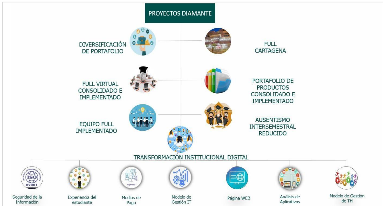
Ilustración 2. Proyectos de Gestión 2021
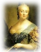
Елизавета Петровна, императрица (1741–1761)

Огромные средства выделялись из казны на обустройство царских резиденций – были выстроены Зимний дворец, Екатерининский дворец в Царском Селе, перестроены Стрельна, Петергоф.
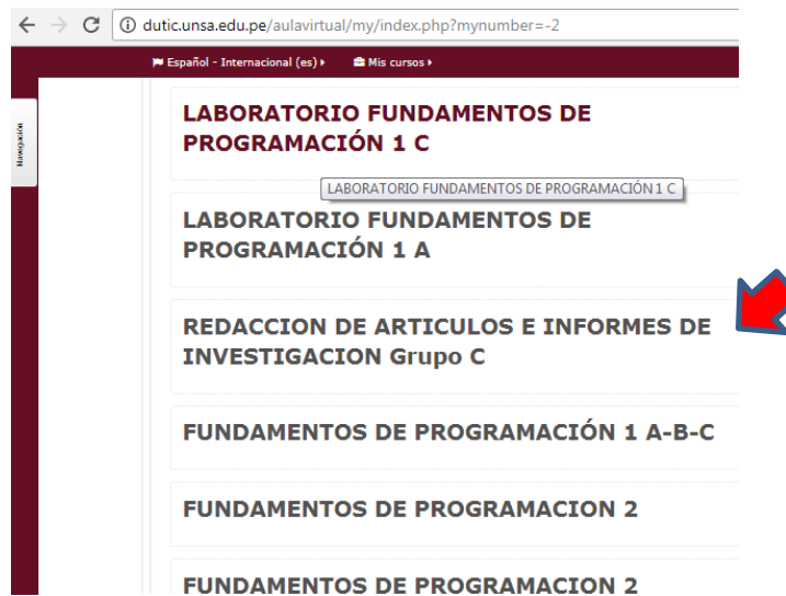
Figura 3: Lista de Cursos en el Aula Virtual

3. A usted se le mostrará la lista de sus cursos disponibles (Tal como se muestra en la Figura 3). Seleccione (dando doble Click ) el curso en el que quiere matricular alumnos ( Por ejemplo en este tutorial agregaremos alumnos al curso REDACCION DE ARTICULOS E INFORMES DE INVESTIGACION – GRUPO C).
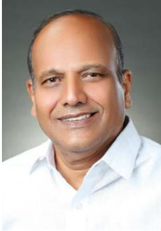
ఎంబీసీ 36 కులాల చెందిన వారికి నియమించాలని బుధవారం విడుదల చేసిన పత్రికా ప్రకటనలో కోరారు.
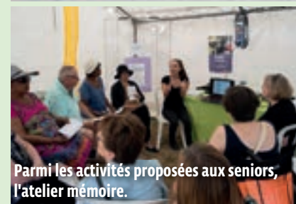
Parmi les activités proposées aux seniors, l'atelier mémoire.
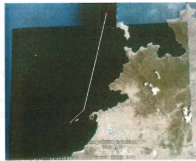
Recalada de la M/N ATLANTIC FORTUNE (fol. 133)

Las pruebas anteriormente transcritas, permiten descartar la hipótesis planteada por el Capitán y la tripulación de la nave ATLANTIC FORTUNE, referente a que el siniestro había tenido su origen en la largada del grillete ordenada por el Piloto Práctico, pues existen suficientes elementos de juicio para concluir que la causa precursora del siniestro tuvo lugar antes de que la nave fuera abordada por el Piloto Práctico y como consecuencia de la aproximación imprudente que realizó el Capitán de la nave ATLANTIC FORTUNE.
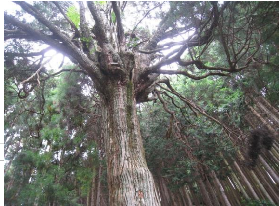
枝分れしている杉、全国で確認されている2本の内の1本らしいです。
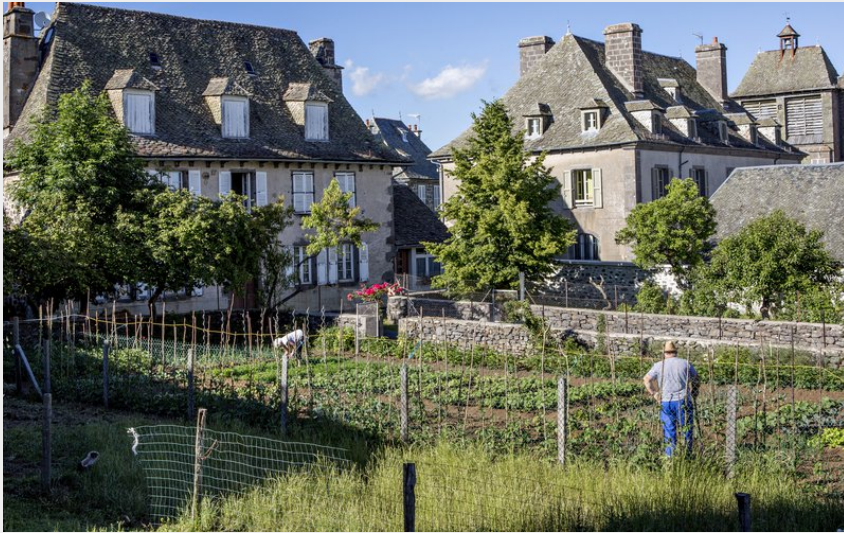
Le village de Thérondeles (P. Soissons)

Problem: Reproduce the material word for word, but without its images.

Exercise response:
Ilustración 2. Proyectos de Gestión 2021
Елизавета Петровна, императрица (1741–1761)

Огромные средства выделялись из казны на обустройство царских резиденций – были выстроены Зимний дворец, Екатерининский дворец в Царском Селе, перестроены Стрельна, Петергоф.
Figura 3: Lista de Cursos en el Aula Virtual

3. A usted se le mostrará la lista de sus cursos disponibles (Tal como se muestra en la Figura 3). Seleccione (dando doble Click ) el curso en el que quiere matricular alumnos ( Por ejemplo en este tutorial agregaremos alumnos al curso REDACCION DE ARTICULOS E INFORMES DE INVESTIGACION – GRUPO C).
ఎంబీసీ 36 కులాల చెందిన వారికి నియమించాలని బుధవారం విడుదల చేసిన పత్రికా ప్రకటనలో కోరారు.
Parmi les activités proposées aux seniors, l'atelier mémoire.
Recalada de la M/N ATLANTIC FORTUNE (fol. 133)

Las pruebas anteriormente transcritas, permiten descartar la hipótesis planteada por el Capitán y la tripulación de la nave ATLANTIC FORTUNE, referente a que el siniestro había tenido su origen en la largada del grillete ordenada por el Piloto Práctico, pues existen suficientes elementos de juicio para concluir que la causa precursora del siniestro tuvo lugar antes de que la nave fuera abordada por el Piloto Práctico y como consecuencia de la aproximación imprudente que realizó el Capitán de la nave ATLANTIC FORTUNE.
枝分れしている杉、全国で確認されている2本の内の1本らしいです。
Le village de Thérondeles (P. Soissons)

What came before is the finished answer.